If, on the other hand, the resulting tour was shorter then we keep it and begin the search from it in the hope that we will find another improvement somewhere amongst its links. Figure 1 illustrates a successful link replacement where the length of the new tour is improved. Note that the section of tour that gets isolated as a result of the link removals get reversed in the new tour. In the original tour the sequence of visitations was "..dghef.." but after the link replacements the sequence became "..dehgf..". Some times the order that we visit the towns in is important so we may have to discard link replacements if they cause towns to be visited in the wrong order. When we generate a tour in this way that cannot be improved upon we stop, declaring this tour to be "locally optimal." That is, this tour is optimal with respect to all the local changes (break 2 links and replace) that we could try..
The heuristic we have described is called "local optimization", because we are optimizing the tour by making small or local changes to it. Although it runs quite fast, people blame its short running time on it not being able to find many improvements for a given tour. To help improve matters what we could do would be to run it a number of times giving it a different, maybe random, solution to start with each time. We could then pick the best of the locally optimal solutions that the heuristic returns.
A more elaborate approach is to break more edges of the tour and reconnect the pieces. For example, we could break 3 edges and from the 3 "strings" that result we could piece the tour back together in different ways. If any of the different reconstructions improve things we're off again. This will usually return solutions that are better than the 2-opt approach that we talked about above but it runs a lot slower.
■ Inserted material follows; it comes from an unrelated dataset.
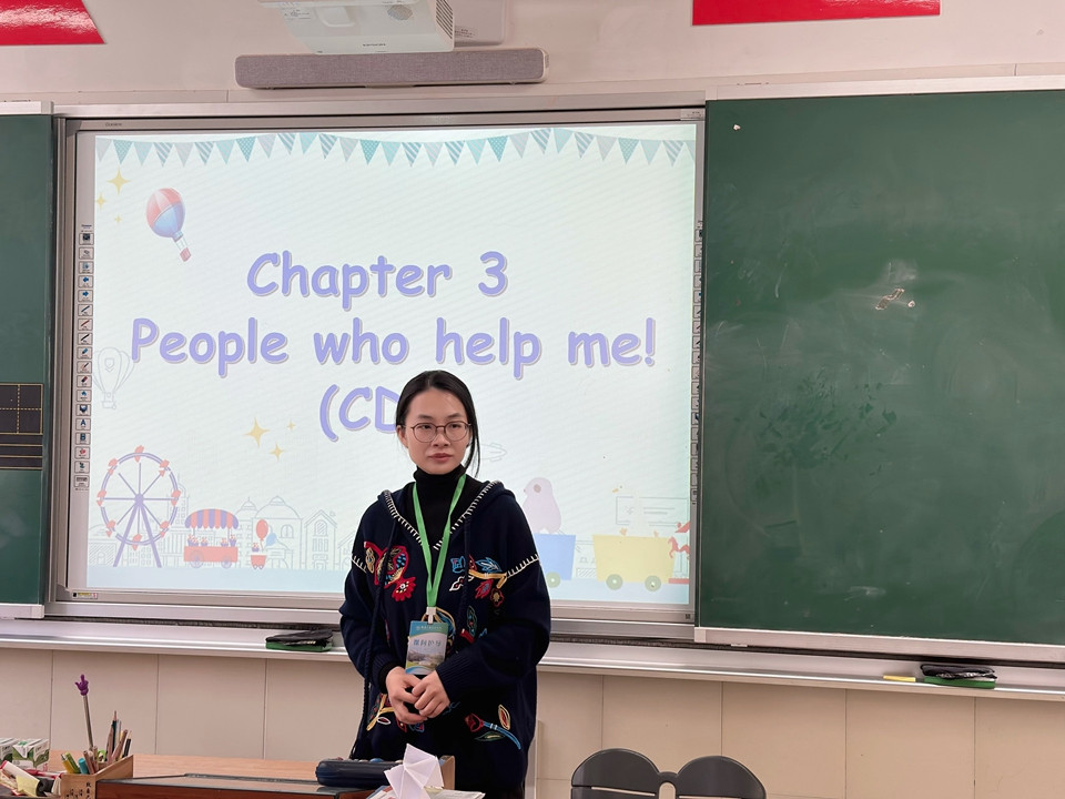 蔡月老师首先带组内老师回顾近期教学内容,明确教学进度。然后主备教师,罗丹老师以“身边的帮助者”为核心,结合Chapter 3的教学重点——“掌握学科、职业类的词汇(如PE, Maths, Chinese, English,caretaker,prefect等)”“运用句型-Who’s your ... teacher? -My ... teacher is Mr/ Miss/ Mrs ... She/He is ... I like her/him.等句型描述校园里帮助我们的人,呈现了“情境导入-词汇建构-语言运用-情感升华”的四阶教学设计。设计亮点在于将语言学习与生活体验深度融合:通过播放“校园保安帮助同学”的真实短视频激活学生兴趣,再以“角色扮演小剧场”让学生模拟“求助-帮助”场景,最后通过“绘制我的感谢卡”任务,引导学生用简单英语表达对身边帮助者的感谢,实现“学语言、懂感恩”的双重目标。

For the types of problems that researchers work on nowadays - approximately 1 million cities - 3-opt is unreasonably long-running in spite of the better solutions that it gives. You may be wondering why on earth anyone would be concerned with a 1 million-city travelling salesman problem. Well, while that problem may not arise in practise one almost identical to it does. During the fabrication of complex electronic circuits it is necessary to "zap" many points on the circuit with a laser to break a connection that might have previously existed. The faster we can zap all the points the faster we can turn out our electronic circuits. Finding the shortest path for the laser between the points is the same problem as what we have seen above.
It is quite common for this situation to arise in research: a problem that arises in one area of research may have been examined and solved in some other area earlier. This is an important reason for studying what seem at first to be problems with no practical importance. To paraphrase Frankie Byrne, the agony aunt of the Jacobs Biscuits programme on radio: "The problems we investigate may not be yours today, but they could be some day."
Patrick Healy is a Lecturer in Computer Science and Information Systems. His research interests are in Combinatorial Optimization and Graph Drawing.